# 93 Altima Fuel problems



## WinterBeater (Jun 22, 2006)

Hi, I'm a :newbie: 

I own a 93 Altima with 175,000 miles, and the problem is in the last 30k miles my mechanic has replaced 2 fuel pumps and now the car still runs like crap. It's sluggish, hesitates and sometimes stalls out, but not recently though  

I've read somewhere that it might be the fuel pressure regulator but I am not sure. The mechanic says he doesn't know why the pump is dying  

Do you guys think it sounds like the regulator? Anyone have the same problems?

John


----------



## Darktide (Jul 29, 2004)

have you tried replacing the fuel filter? If its clogged it could be making the pump work far too hard. If your mechanic hasn't replaced that after even the first pump I'd doubt his ability but I'll give him the benefit of the doubt.

Next, has he cleaned out the fuel tank when he changed the pump? If there is some serious gunk in the bottom it could be clogging the fuel strainer, but that should be a pretty dead giveaway.

I hope that helps at all. Good luck.

Darktide


----------



## LONDONDERRY (May 19, 2004)

WinterBeater said:


> Hi, I'm a :newbie:
> 
> I own a 93 Altima with 175,000 miles, and the problem is in the last 30k miles my mechanic has replaced 2 fuel pumps and now the car still runs like crap. It's sluggish, hesitates and sometimes stalls out, but not recently though
> 
> ...



Is you mechanic sure its the fuel pump an dnot somthing else?
Is the engine light on?
Have you checked the fuel injectors?


----------



## WinterBeater (Jun 22, 2006)

Well my mechanic is not exactly the greatest, but the fuel filter has been changed when the pump was changed. There was some gunk in the tank, don't know if there still is. I am not sure about the fuel injectors, he has not really mentioned them much.


----------



## WinterBeater (Jun 22, 2006)

LONDONDERRY said:


> Is you mechanic sure its the fuel pump an dnot somthing else?
> Is the engine light on?
> Have you checked the fuel injectors?


No check engine light. Where is a good place online to buy Altima fuel parts? I am not looking to dump a bunch more money into this p.o.s. I just wish it was more reliable, there is no telling when it will leave me stranded again.


----------



## LONDONDERRY (May 19, 2004)

WinterBeater said:


> No check engine light. Where is a good place online to buy Altima fuel parts? I am not looking to dump a bunch more money into this p.o.s. I just wish it was more reliable, there is no telling when it will leave me stranded again.

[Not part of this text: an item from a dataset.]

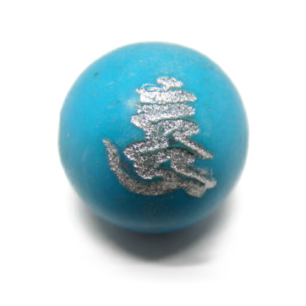 ■【レーザー彫刻ビーズ・彫りビーズ 】愛染明王 ターコイズ 12mm (銀彫り) 「梵字」 ウーン 手作りにオススメ! 天然石 パワーストーン / インペリアルオーラ おしゃれ かわいい オシャレ 可愛い プレゼント ギフト 贈り物

I am thinking you mentioned the car acts sluggish, hesitates and sometimes stalls out. These are all so typical signs of the intake manifold gasket leaking or distributor issues. Has your car ever had either one of these replaced? Plus the milage you mentioned is about the time when these components start to fail out

One way to check the fuel injectors is with the car running, unplug one injector at a time. If the car sounds like it goign to stall out then the injector is working. If not then you might have a bad injector. 

As for reliablility, very few 13 year old car don't have any problmes with them. I have 200,000 on mine and it runs fine.

Frank


----------



## WinterBeater (Jun 22, 2006)

LONDONDERRY said:


> I am thinking you mentioned the car acts sluggish, hesitates and sometimes stalls out. These are all so typical signs of the intake manifold gasket leaking or distributor issues. Has your car ever had either one of these replaced? Plus the milage you mentioned is about the time when these components start to fail out
> 
> One way to check the fuel injectors is with the car running, unplug one injector at a time. If the car sounds like it goign to stall out then the injector is working. If not then you might have a bad injector.
> 
> ...



Very true, how would I do the injector thing? Where are they located and what do I have to remove? As you can see I am not the most mechanically inclined! Oh and I checked the outside of the distributor and there is oil underneath it. I didn't remove it but there is oil or gunk on the underside of it. I'm thinking this needs to be replaced. Thank you.


----------



## LONDONDERRY (May 19, 2004)

WinterBeater said:


> Very true, how would I do the injector thing? Where are they located and what do I have to remove? As you can see I am not the most mechanically inclined! Oh and I checked the outside of the distributor and there is oil underneath it. I didn't remove it but there is oil or gunk on the underside of it. I'm thinking this needs to be replaced. Thank you.



You found your problem. Oil present in the distributor will cause the issues your having. Replace the distributor will fix it.


----------